日本の代表的なミックススパイスである「七味唐辛子」において、江戸時代から続く長い歴史を持ち、全国的に有名な3つの老舗店の総称です。
江戸時代初期に薬研堀(現在の東京都中央区東日本橋周辺)で創業した老舗で、七味唐辛子の発祥とも言われています。現在は浅草寺の門前に店を構え、黒ごまや陳皮の香りが特徴的です。辛さを引き立てつつも、漢方薬をヒントに調合されたという風味豊かな香りが、江戸っ子に愛されてきたピリッと辛い江戸前の七味です。
京都の清水寺の参道(産寧坂)に店を構える老舗です。
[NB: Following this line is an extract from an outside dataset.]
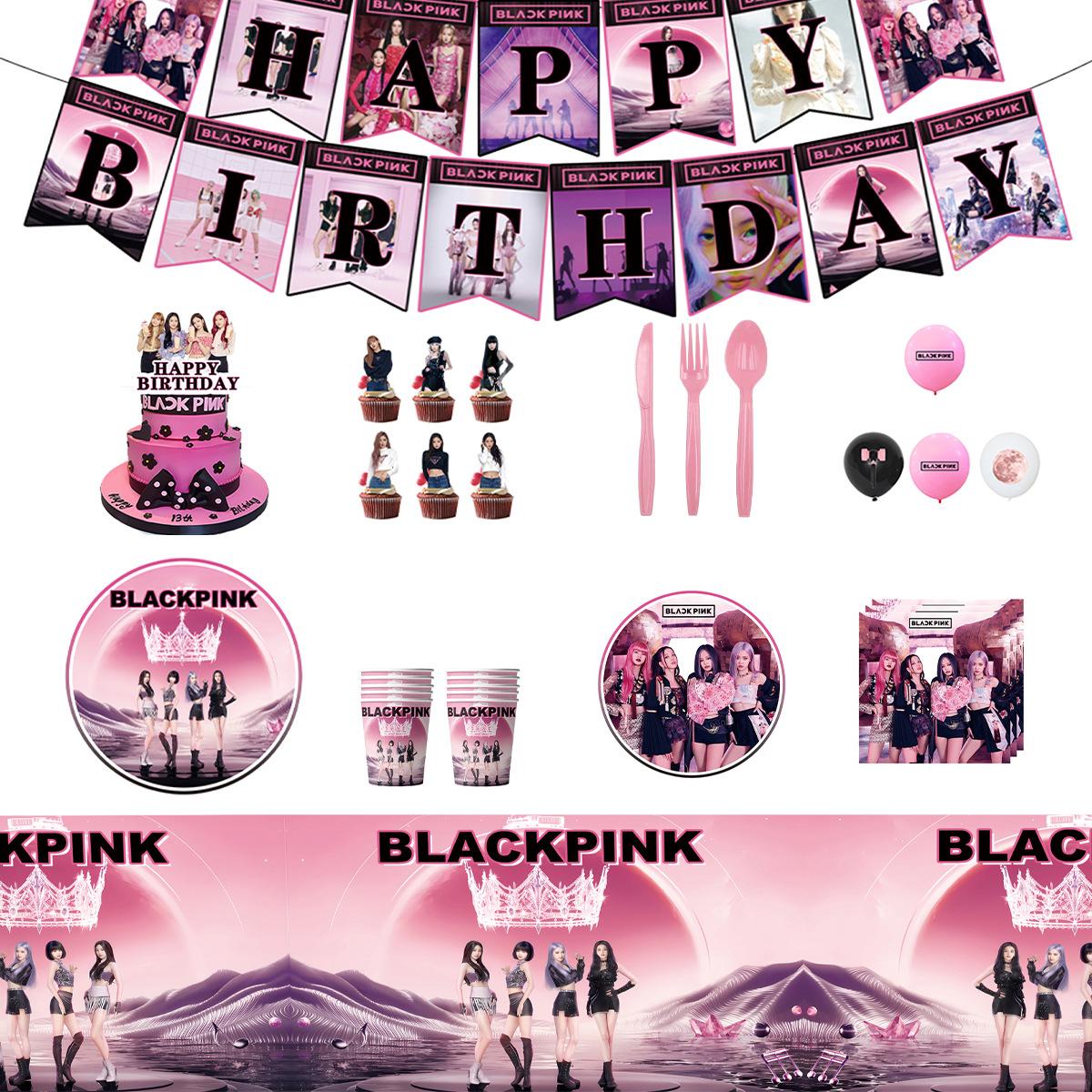 Blackpink Festartikler Engangsbestikk Papptallerkener Pappkopper Servietter Jenters Bursdagsfest Dekorasjon

江戸時代から続く京都らしい上品な配合が特徴で、唐辛子の辛さを抑える代わりに、山椒、青紫蘇(しそ)、黒ごま、白ごまなどを多めにブレンドしています。辛味よりも香りと風味を重視しており、うどんや湯豆腐など、出汁の効いた関西の薄味の料理に非常によく合います。
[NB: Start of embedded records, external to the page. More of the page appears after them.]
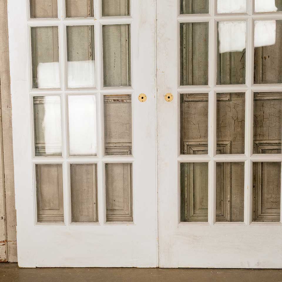 Pair of architectural salvage antique painted wood fifteen lite French doors together measuring approx. 60" wide x 84 1/8" tall x 1 3/8" thick. See photos to evaluate condition. Priced at $1,250 for the pair.
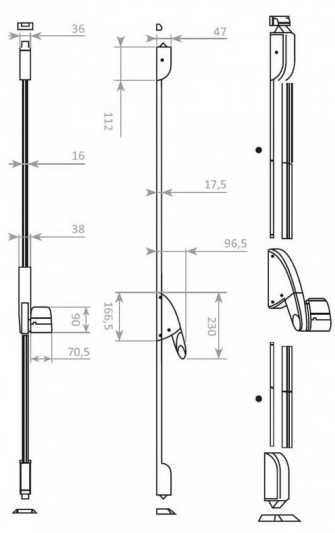 Dzięki uniwersalnej konstrukcji zestaw może być stosowany zarówno w drzwiach lewych, jak i prawych. Dostępne są dwa warianty: do drzwi o wysokości 2450 mm oraz 3100 mm.
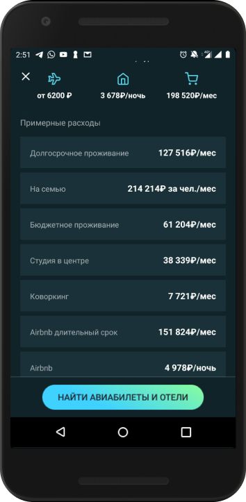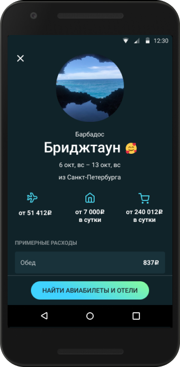 3. В базе детализация расходов есть не у всех городов. Если для города недоступна детализация, то откроется сокращенная версия карточки, с ценой только за перелёт. Детализация точно есть для следующих городов: Будапешт, Ереван, Бриджтаун (Барбадос), Прага, Венеция. Чтобы детализация сработала максимально корректно, лучше чтобы на фото была изображена узнаваемая местность/достопримечательность в пределах города (а не в его области).

長野県の善光寺の門前に本店を構える老舗です。ブリキの缶に唐辛子の絵が描かれたパッケージで全国的に知られています。信州の厳しい寒さを乗り切るために、唐辛子の強い辛味をベースに、生姜や麻種などをブレンドした独特の配合が特徴です。信州そばはもちろん、豚汁などの身体が温まる料理と相性抜群の七味です。